Emiliano Del Rosso non l’ho conosciuto. Ma “Nevrite” me lo ricordo abbastanza bene durante quelle giornate. E poi me lo ricordo al Curi, di sfuggita, quelle volte in cui per scoprire il mondo al di fuori della mia città vi sono transitato.

Non ho il diritto – affettivo e morale – di scrivere più di tanto sul suo personaggio. Sarebbe persino irrispettoso. Perché sarebbero righe infarcite di retorica e per uno come il sottoscritto – che a malapena tollera gli striscioni di commemorazione all’interno delle curva – sarebbero davvero fuori luogo. Ho però la voglia di dire che a pelle mi ha sempre dato l’idea di uno di quei personaggi che negli anni il nostro mondo ha perduto. Un po’ matto, un po’ istrionico. Tanto tifoso e tanto attaccato alla sua gente. Mi rimanda indietro nel tempo la sua figura. Mi fa sentire – indirettamente – l’odore dei fumogeni mentre si canta a due metri da un tamburo e da un megafono che dettano il ritmo di una folla indiavolata.

La notizia della sua scomparsa prima e della sua morte poi non possono passarmi inosservate. E non possono che essere al centro di questa giornata che per il calcio perugino rappresenta comunque un importante approdo, dopo i terribili anni del fallimento e la ripartenza dal dilettantismo.

Una città sogna la Serie A, dopo più di un decennio. I botteghini hanno registrato circa 18.000 biglietti venduti e questo la dice lunga sull’inesauribile passione che la tifoseria biancorossa riserva nei confronti di un pallone pronto a rotolare sul manto verde.

Questo campionato è filato così velocemente da non rendermi conto che finora non ero ancora stato al Curi. Ne approfitto per visitare il Museo del Grifo, di recente istituzione. Un’opera davvero ben fatta e curata nei minimi dettaglia. Dall’ampio spazio sulla storia della società a quello dedicato alla Curva Nord. Un connubio che mi ha fatto apprezzare ancor più questo allestimento, confermando quanto penso da molto tempo: ogni club dovrebbe partorire qualcosa di simile, e possibilmente dovrebbe essere allestito da tifosi storici. Proprio come accaduto a Perugia.

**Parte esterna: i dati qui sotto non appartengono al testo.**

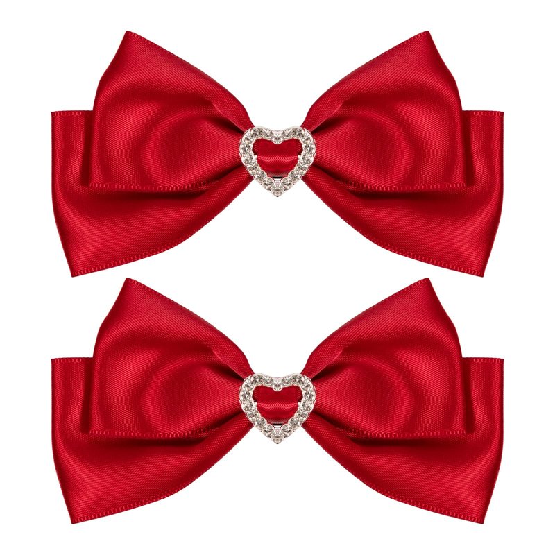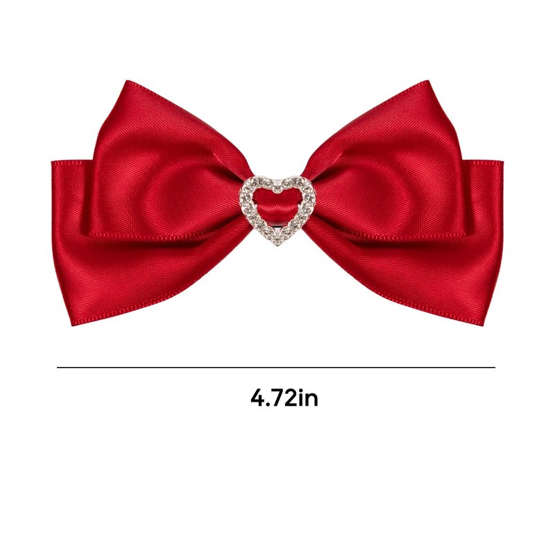 Red Satin Hair Bow Clips, Christmas Valentine School Hairpins with Heart Rhinestones,Handmade Bowknot Hair Accessories for Kids Girls New Year Decor

Sì perché a poco servono storici di professione; per esperienza ho imparato che ogni squadra ha un suo manipolo di appassionati che saprebbero recitarti a menadito ogni singolo episodio di ogni singola stagione. Un patrimonio sterminato e inestimabile che qua ha trovato terreno fertile, dando il la a questo museo in continua evoluzione.

Ci sono le sciarpe di tutti i gruppi che hanno fatto la storia del tifo e poi ci sono le maglie di Bagni e Curi. Ma anche quelle di Nakata e Giunti. Una sola parola per descriverlo: bello! E ancor più bello perché attraverso la sua visita si ricorda quanto siano importanti la storia e la tradizione per questo sport. Benché negli ultimi anni la Serie A si sia sempre più impoverita di quei sodalizi che l’hanno resa grande in passato, benché gli investitori ormai preferiscano piazze piccole e con poco seguito ai mostri sacri da far risorgere, benché qualcuno vorrebbe dirci che staccarsi dalle proprie radici, dai propri colori, dal proprio stadio sia normale.

Perugia è uno dei massimi esempi di come l’idea di calcio aderente al popolo possa essere ancora minimamente viva. I suoi ragazzi, le sue donne, i suoi signori attempati si ritrovano già di buon’ora fuori la Curva Nord. Bevono, mangiano e cominciano a cantare. Allegri. Malgrado la posta in palio sia alta. Malgrado la sconfitta dell’andata e la difficoltà di un match che li mette contro quella che forse è la squadra più in forma del momento.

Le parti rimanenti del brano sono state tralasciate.